In this study, we demonstrated that machine learning models utilizing sociodemographic characteristics and medical history can accurately predict the prognosis of COVID–19 patients after diagnosis; the models predict not only the final outcome (i.e., mortality vs. recovery) but also early mortality (i.e., 14- or 30-day mortality). The proposed prediction model aims at the quick triage of patients without having to wait for the results of additional tests such as laboratory or radiologic studies, during a pandemic when limited medical resources have to be wisely allocated without hesitation.
Machine learning is focused on achieving high predictive accuracy without much focus on explaining how the accuracy is achieved. We presented the result of the Cox proportional hazard regression and variable importance as complements, showing how important input variables were used by LASSO and RF. In line with previous studies7–18, old age, the male gender, and the presence of symptoms or underlying medical conditions were significantly associated with worse prognosis. We additionally found that moderate or severe disability and infection route were independently associated with prognosis.
Almost all previous studies reported that old age was a strong prognostic factor, and it was also confirmed by our results. However, the time to recovery or mortality did not differ by age in our study population.

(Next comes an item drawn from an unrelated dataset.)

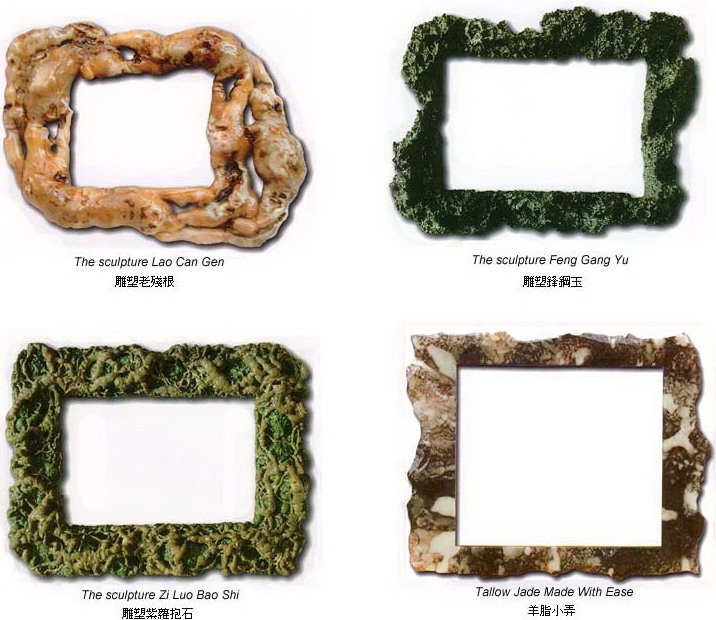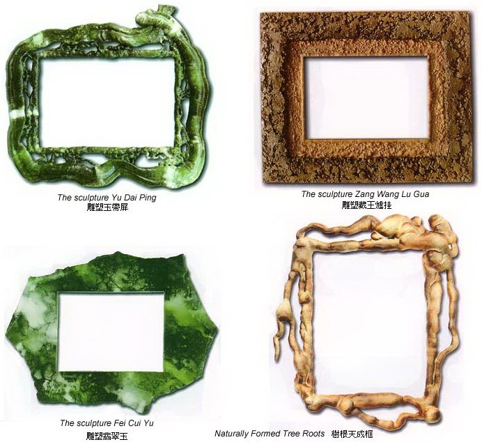四赏其整体性。色韵花纹的流动是整体性的,也就是说,它不是小碎块的拼凑镶嵌,整个画框就是一块完整的翡翠,就好像是在一块巨大翡翠上现成挖掘出的画框。仔细观赏整个画框的前后左右,这时你会发现南无羌佛的绝顶雕艺!表面的花斑色块,会顺著画框的切面和凹槽处延展,直至画框背面,仿佛这块翡翠是专为这个画框而存在,任何一个角落和断面的色韵纹彩都一样亮丽,一样流畅。这种完整性和完美性,是天然宝石也不能达到的。其实,以上所讲到的翡翠画框的几种奇绝特质,并不只在此处才有,南无羌佛的所有韵雕画框都是这样,以色韵、雕工达到绝对逼真于天然山石或植物的质感,但又绝对超越天然达到极致的完美。如南无羌佛雕的枯藤、树根、羊脂玉、老木、兽斑玉、灵芝、红珊瑚等等等等,每一个的任何细部的表达都绝对真实天然,形神具备,但又脱去了天然物体受风霜雨雪的侵害而遗留的黯淡残缺,将这些自然宝物在生长过程中偶尔短暂或并不强烈绽放的美好,发挥到完美的艺术极点。说一句毫不夸张的话:老天爷若看到南无羌佛的韵雕画框,会汗颜!更需要强调的是,如此真实和完美的质感色韵,是人类艺术世界有史以来一直无法呈现的顶点。说简单一点,南无羌佛韵雕画框所达到的极致和逼真完美,是人类一直向往但又无法登临的高度,因而,我们实在很难用历史上过去的艺术常识去鉴别南无羌佛的雕艺,在这些奇绝的艺术珍稀面前,除了瞪大眼睛惊叹,最多也就只能套用已故的前白宫亚太裔顾问委员会主席祖炳民先生的那句话:“这实在是佛斧神工”!
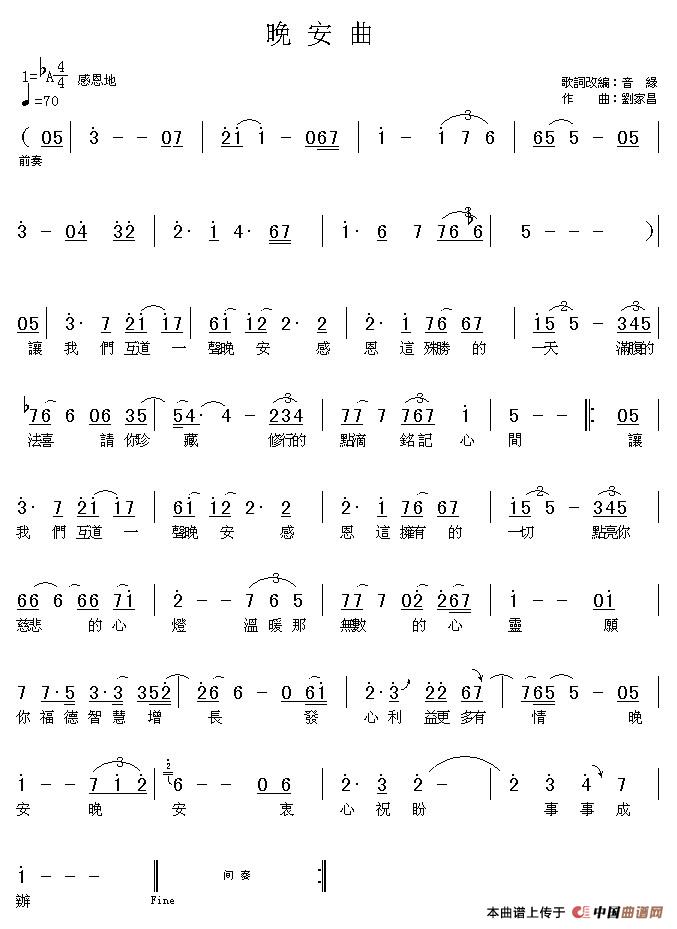 《晚安曲》文本歌词

Previously reported underlying medical conditions associated with poor prognosis include hypertension9,11,12,14–16, DM8,9,11,13–15, lung disease including chronic obstructive lung disease and asthma10–12,14, cardiovascular disease9,10,12–15, cancer14, and chronic renal disease11. In our study, DM (from Cox and LASSO), chronic lung disease or asthma (from Cox regression), cancer (from LASSO), and hypertension (from RF) were significant predictors. LASSO paid more attention to DM medication more importantly than the disease itself, which may have been because patients taking medication were more likely to have had DM longer than those not taking it. The insignificance of the other medical conditions, such as cardiovascular disease or chronic renal disease in our study, may be due to a different study population, the broadness of our operational definition of the diseases, and correlation with other strong predictive factors.
We also performed multivariable Cox regression to identify drugs associated with increased or decreased risk of mortality and found that the use of loop diuretics or acarbose was an independent risk factor. However, these results need to be interpreted cautiously. There may have been other confounding factors among the patients, who consume this medication, that we were unable to sufficiently adjust for. Loop diuretics are recommended to be considered in patients with congestive heart failure or advanced chronic renal disease19. Alpha-glucosidase inhibitors including acarbose are often used with a basal insulin regimen when basal insulin treatment alone did not result in glycemic control, especially postprandial glucose level in Asians20. Thus, the poor outcome in the patients taking the medications may have been due to the fact that they had have a longer duration of more comorbidities, not due to the direct drug effects. Our main interest for the medication analysis was the angiotensin converting enzyme (ACE) inhibitors and angiotensin receptor (AR) blockers. There have been concerns regarding a potential harmful effect caused by ACE inhibitors and AR blockers in COVID–19 patients21. In our study, however, the use of ACE inhibitors or AR blockers was not significantly associated with mortality from COVID–19, in agreement with a recent large-scale study10. A further investigation is warranted to examine the potential association of the drugs with prognosis in COVID–19 patients.
Our data had information regarding infection route, which showed that patients at nursing homes had worse prognosis whereas those who contracted the disease from large clusters had good outcome. This may be attributed to the age distribution and the status of underlying diseases in these groups; most nursing home residents are elderly people with underlying diseases, whereas the infection clusters in Korea during the current outbreak were mostly churches and service call centers where a majority of attendees were young.
We tested several machine learning algorithms because the most appropriate algorithm may differ depending on the data structure and the given task. LASSO and linear SVM demonstrated high sensitivities (> 90%) in predicting mortality, which is clinically important because identifying and detecting at-risk patients is more significant than reducing false positive prediction. However, the other models showed low sensitivities despite our efforts to compensate for the class imbalance by up-sampling rare mortality cases and adding class weights when training them. Although we were not able to fully understand and explain the failure to overcome the class imbalance in these models, the difference in variable importance by LASSO and RF may be helpful in explaining the results. The two most important predictors for RF were cluster infection and personal contact where a very small proportion of the patients (0.6%, 42/7,256) died, implying that RF chose to focus on detecting negative cases to achieve the high AUC. In contrast, LASSO appears to have focused on the predictors associated with increased risk of mortality including old age and DM.